#### EXERCISE INPUT:
☆ ☆ ☆ ☆ ☆ ☆ ☆

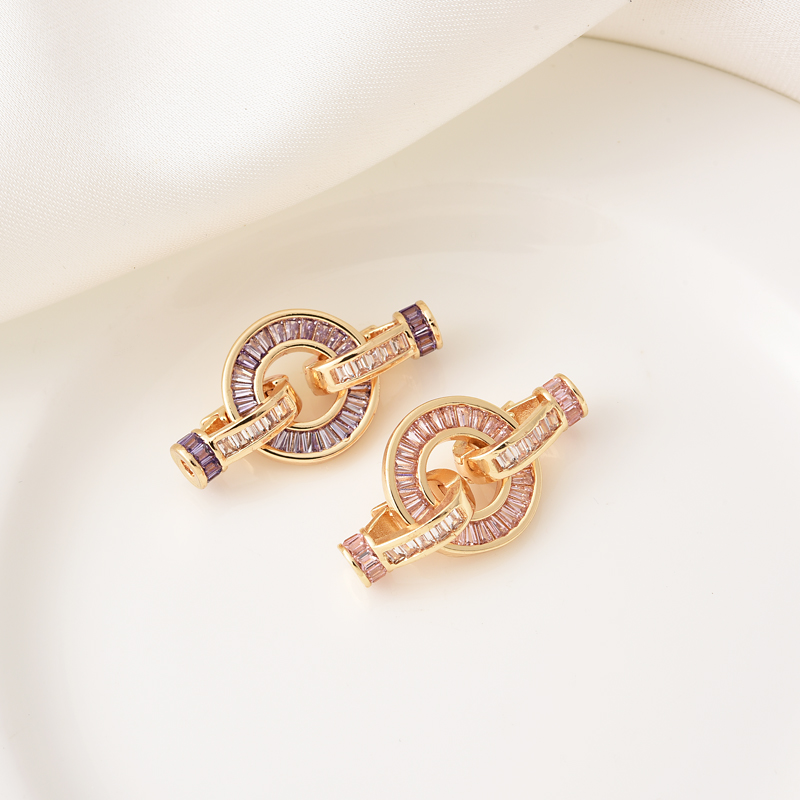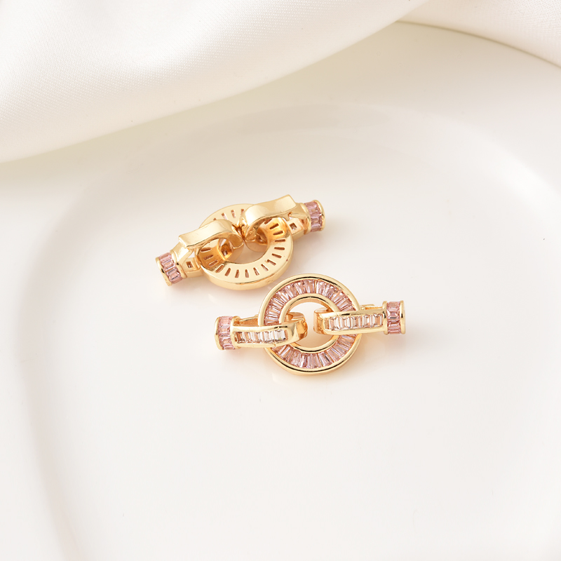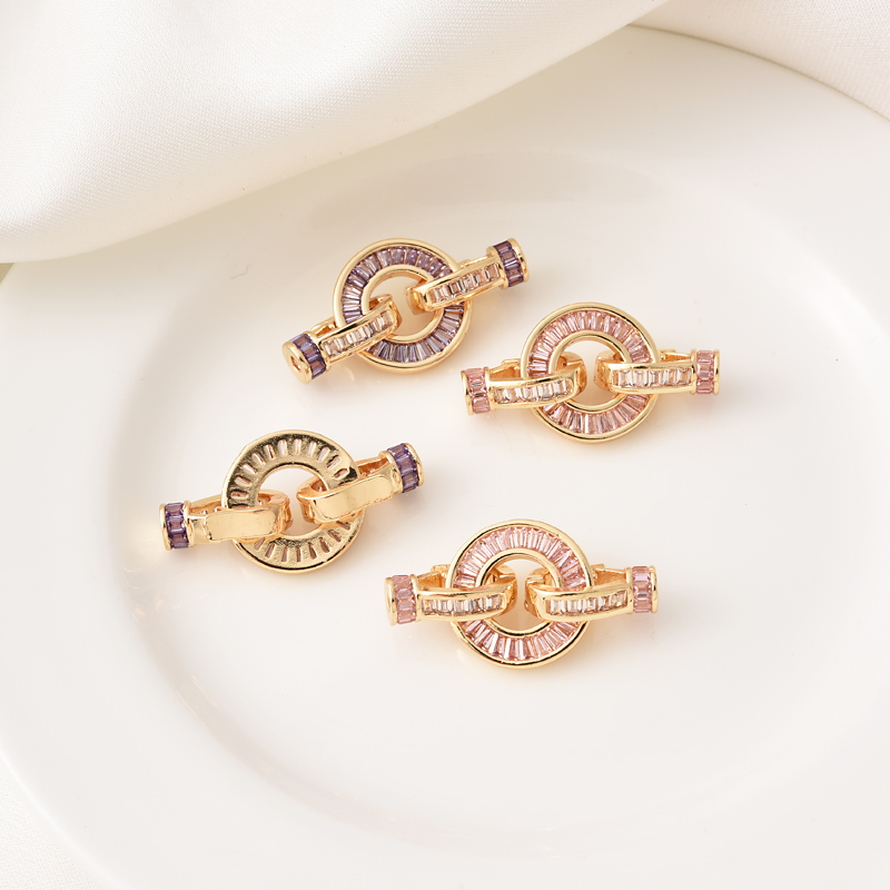 铜镀14K金镶粉锆圆盘珍珠扣手工diy手链项链收尾紫锆连接扣子母扣
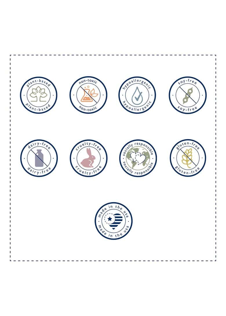 - Plant based, hypoallergenic, cruelty-free, non-toxic, gluten free, dairy free, soy-free
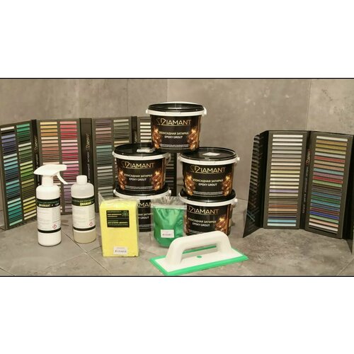 Фуга на эпоксидной основе DIAMANT применяется для заполнения межплиточных швов напольной и стеновой облицовочной плитки любых видов в помещениях с любым уровнем влажности и эксплуатационной нагрузкой, а также для аналогичных работ вне помещений. Образует высокопрочный водонепроницаемый шов, устойчивый к образованию трещин и истирающему воздействию, образованию грибка, плесени и пятен. Рекомендована для применения в сложных условиях - долговременное нахождение под водой, перепады температур, химическое и механическое воздействие, деформация основания и т. п. Совместима с системами подогреваемых полов. После полного отверждения безопасна для здоровья человека и животных. Особенности и преимущества- универсальность - любые виды плитки, любые основания, любые условия эксплуатации; - расширенная цветовая палитра позволяет выбрать индивидуальное решение; - исключительная прочность и водостойкость шва; - устойчивость к химическим веществам, атмосферным факторам, перепадам температур; - может быть использована в качестве клея для тонкой мозаики; - не содержит свободного красителя, благодаря чему не оставляет следов на облицовке. Обратите Продукт состоит из двух компонентов, требующих смешивания в строго определенной пропорции. Допускается частичное смешивание - для точного определения массовых частей рекомендуем использовать электронные весы. Способ примененияСмешанной в рекомендованных пропорциях смесью при помощи эластичного шпателя тщательно заполняют межплиточные швы, стараясь не оставлять излишков раствора на поверхности плитки. Первичную очистку облицовки проводят до начала отверждения, не позднее 40 минут после приготовления фуги, аккуратно очищая поверхность круговыми движениями слегка влажной, хорошо отжатой и часто споласкиваемой целлюлозной губки, попутно заглаживая швы. Финишная очистка с помощью очистителя эпоксидных остатков DIAMANT+ необходима для удаления с поверхности плитки эпоксидной плёнки и производится в интервале от 4 до 12 часов после смешивания компонентов.
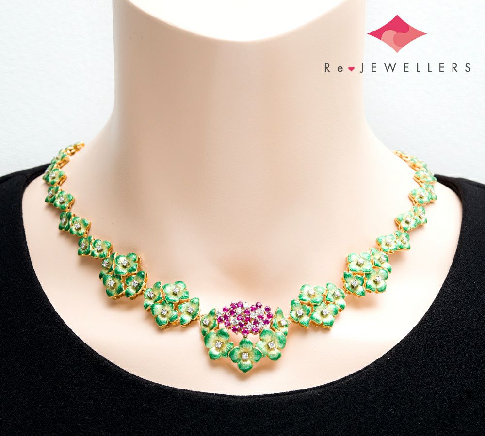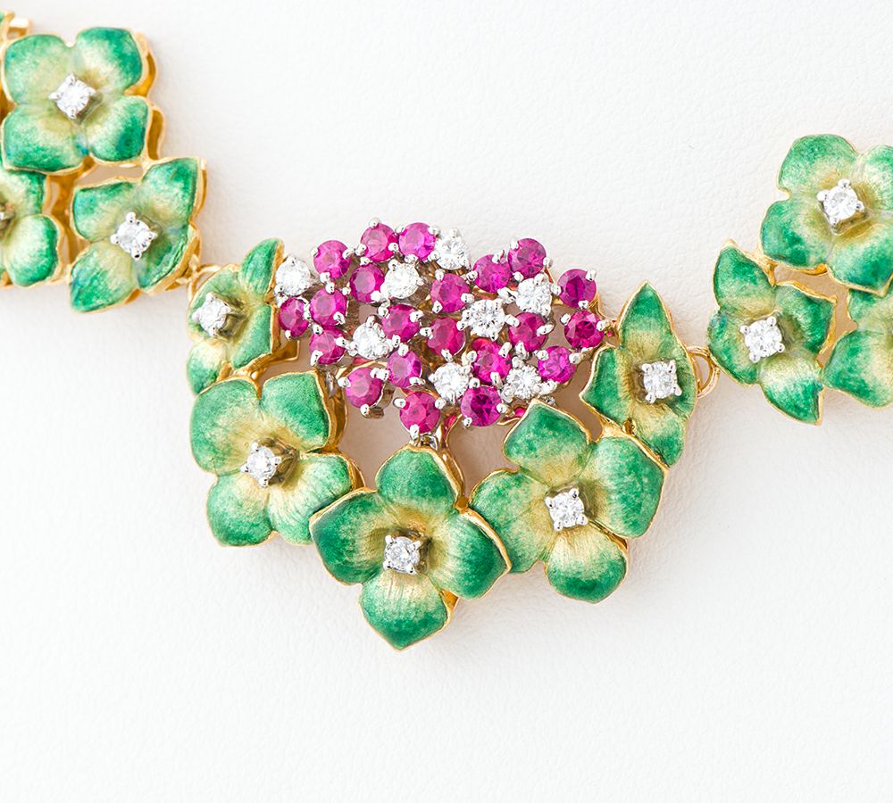 他の画像を見る 中嶋 邦夫 ニックスファクトリー フラワーモチーフ エマイユ ルビー計1.06ct ダイヤモンド 計1.87ct 18金イエローゴールド ネックレス【中古】(2200000302601) 価格 ¥ 2,000,000 税込 カートに入れる お気に入りに登録する
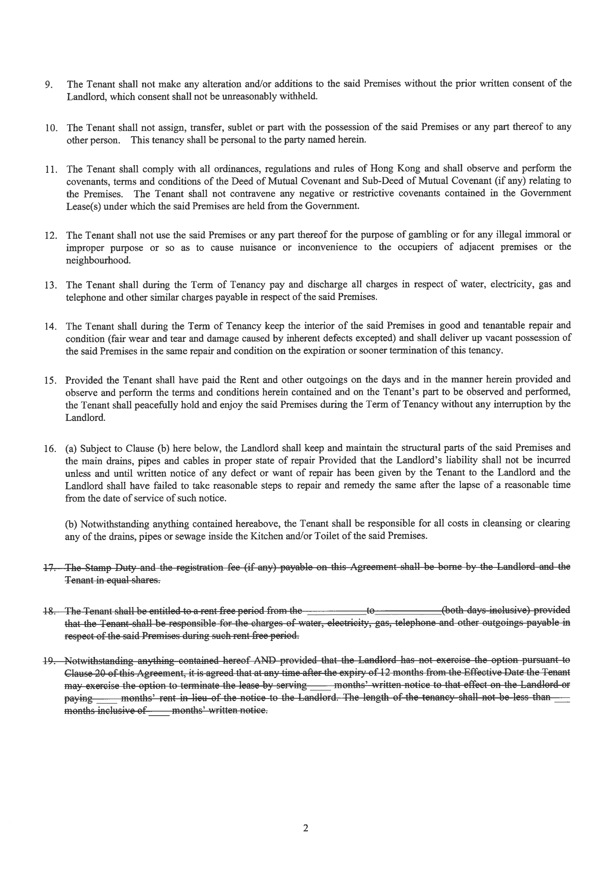 | 11. | The Tenant shall comply with all ordinances, regulations and rules of Hong Kong and shall observe and perform the covenants, terms and conditions of the Deed of Mutual Covenant and Sub-Deed of Mutual Covenant (if any) relating to the Premises. The Tenant shall not contravene any negative or restrictive covenants contained in the Government Lease(s) under which the said Premises are held from the Government. |
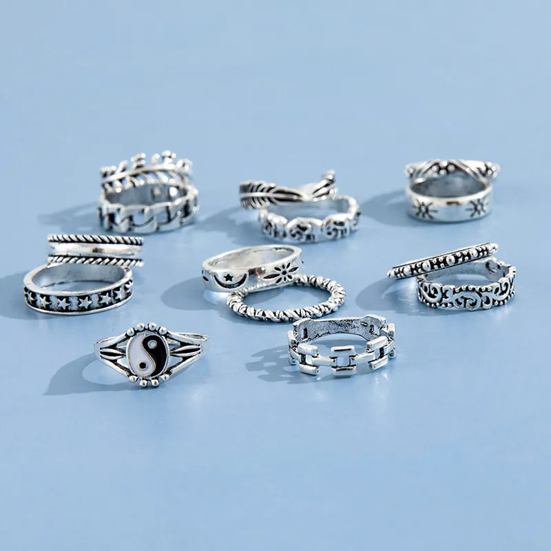 Кольца в виде слона Тай Чи со звездой, набор модных резных колец в виде цветов для женщин и мужчин, ювелирные изделия для вечеринок, аксессуары
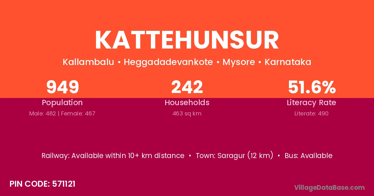 Kattehunsur village has a total population of 949 people, of which 482 are males and 467 are females.
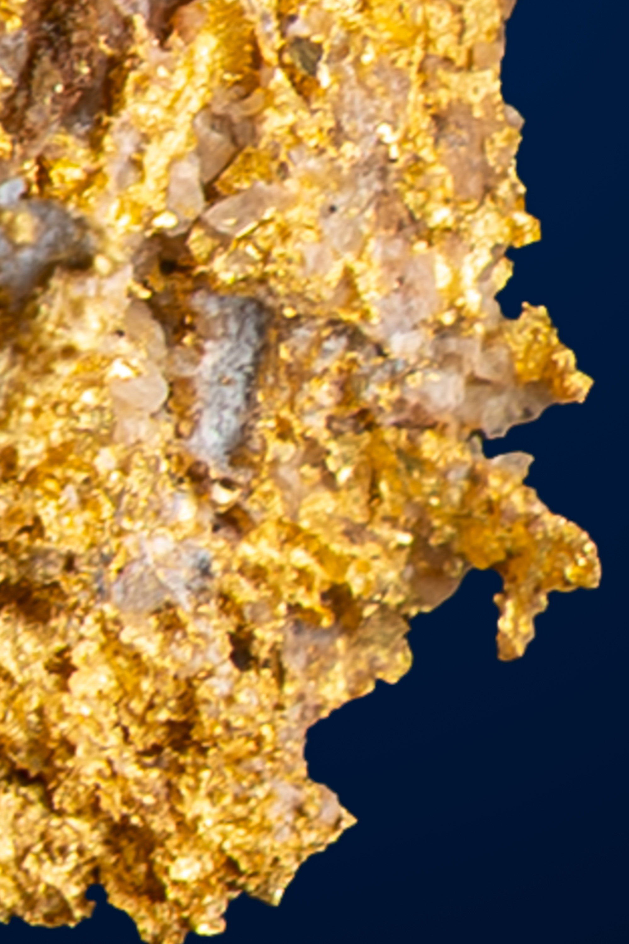 Recovered from the legendary Lost Mine of Australia, this exceptional gold nugget showcases the bold, organic character that makes Australian gold so highly sought after. Its intricate, coral-like structure features a richly textured surface with natural cavities and sculpted contours formed over millennia. The nugget displays a deep, buttery gold tone with areas of crystalline sparkle, beautifully contrasted by subtle quartz remnants that speak to its original matrix.
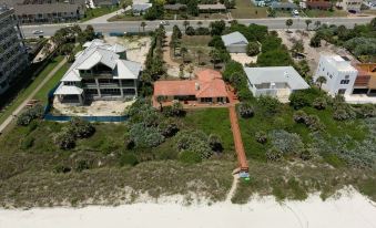 Direct beachfront home! Enjoy the huge kitchen with family while cooking meals, grilling a fish you caught on a charter or playing cards. The large bedroom rooms, spacious decks and the World's Most Famous Beach make this the perfect family getaway. Enjoy use of the golf cart to beebop around town (additional fees may apply). Walk out the back door and see the dolphins play as you sip your coffee. Enjoy a rocket launch while roasting marshmallows over the fire pit or grab a boogie board and show the kids how it's done. Plenty of parking and large bathrooms, this fully stocked home makes it easy bring your suitcase and start playing in the sand. Private walkway to toes in the sand. We wanted to share a quick update regarding the property. Since the hurricanes, we've completed extensive work, and we're happy to report that the house is in excellent condition.

☆ ☆ ☆ ☆ ☆ ☆ ☆

Omit all pictures and repeat the rest of the records verbatim.

#### SOLUTION TO THIS PROBLEM:
 铜镀14K金镶粉锆圆盘珍珠扣手工diy手链项链收尾紫锆连接扣子母扣
 - Plant based, hypoallergenic, cruelty-free, non-toxic, gluten free, dairy free, soy-free
 Фуга на эпоксидной основе DIAMANT применяется для заполнения межплиточных швов напольной и стеновой облицовочной плитки любых видов в помещениях с любым уровнем влажности и эксплуатационной нагрузкой, а также для аналогичных работ вне помещений. Образует высокопрочный водонепроницаемый шов, устойчивый к образованию трещин и истирающему воздействию, образованию грибка, плесени и пятен. Рекомендована для применения в сложных условиях - долговременное нахождение под водой, перепады температур, химическое и механическое воздействие, деформация основания и т. п. Совместима с системами подогреваемых полов. После полного отверждения безопасна для здоровья человека и животных. Особенности и преимущества- универсальность - любые виды плитки, любые основания, любые условия эксплуатации; - расширенная цветовая палитра позволяет выбрать индивидуальное решение; - исключительная прочность и водостойкость шва; - устойчивость к химическим веществам, атмосферным факторам, перепадам температур; - может быть использована в качестве клея для тонкой мозаики; - не содержит свободного красителя, благодаря чему не оставляет следов на облицовке. Обратите Продукт состоит из двух компонентов, требующих смешивания в строго определенной пропорции. Допускается частичное смешивание - для точного определения массовых частей рекомендуем использовать электронные весы. Способ примененияСмешанной в рекомендованных пропорциях смесью при помощи эластичного шпателя тщательно заполняют межплиточные швы, стараясь не оставлять излишков раствора на поверхности плитки. Первичную очистку облицовки проводят до начала отверждения, не позднее 40 минут после приготовления фуги, аккуратно очищая поверхность круговыми движениями слегка влажной, хорошо отжатой и часто споласкиваемой целлюлозной губки, попутно заглаживая швы. Финишная очистка с помощью очистителя эпоксидных остатков DIAMANT+ необходима для удаления с поверхности плитки эпоксидной плёнки и производится в интервале от 4 до 12 часов после смешивания компонентов.
 他の画像を見る 中嶋 邦夫 ニックスファクトリー フラワーモチーフ エマイユ ルビー計1.06ct ダイヤモンド 計1.87ct 18金イエローゴールド ネックレス【中古】(2200000302601) 価格 ¥ 2,000,000 税込 カートに入れる お気に入りに登録する
 | 11. | The Tenant shall comply with all ordinances, regulations and rules of Hong Kong and shall observe and perform the covenants, terms and conditions of the Deed of Mutual Covenant and Sub-Deed of Mutual Covenant (if any) relating to the Premises. The Tenant shall not contravene any negative or restrictive covenants contained in the Government Lease(s) under which the said Premises are held from the Government. |
 Кольца в виде слона Тай Чи со звездой, набор модных резных колец в виде цветов для женщин и мужчин, ювелирные изделия для вечеринок, аксессуары
 Kattehunsur village has a total population of 949 people, of which 482 are males and 467 are females.
 Recovered from the legendary Lost Mine of Australia, this exceptional gold nugget showcases the bold, organic character that makes Australian gold so highly sought after. Its intricate, coral-like structure features a richly textured surface with natural cavities and sculpted contours formed over millennia. The nugget displays a deep, buttery gold tone with areas of crystalline sparkle, beautifully contrasted by subtle quartz remnants that speak to its original matrix.
 Direct beachfront home! Enjoy the huge kitchen with family while cooking meals, grilling a fish you caught on a charter or playing cards. The large bedroom rooms, spacious decks and the World's Most Famous Beach make this the perfect family getaway. Enjoy use of the golf cart to beebop around town (additional fees may apply). Walk out the back door and see the dolphins play as you sip your coffee. Enjoy a rocket launch while roasting marshmallows over the fire pit or grab a boogie board and show the kids how it's done. Plenty of parking and large bathrooms, this fully stocked home makes it easy bring your suitcase and start playing in the sand. Private walkway to toes in the sand. We wanted to share a quick update regarding the property. Since the hurricanes, we've completed extensive work, and we're happy to report that the house is in excellent condition.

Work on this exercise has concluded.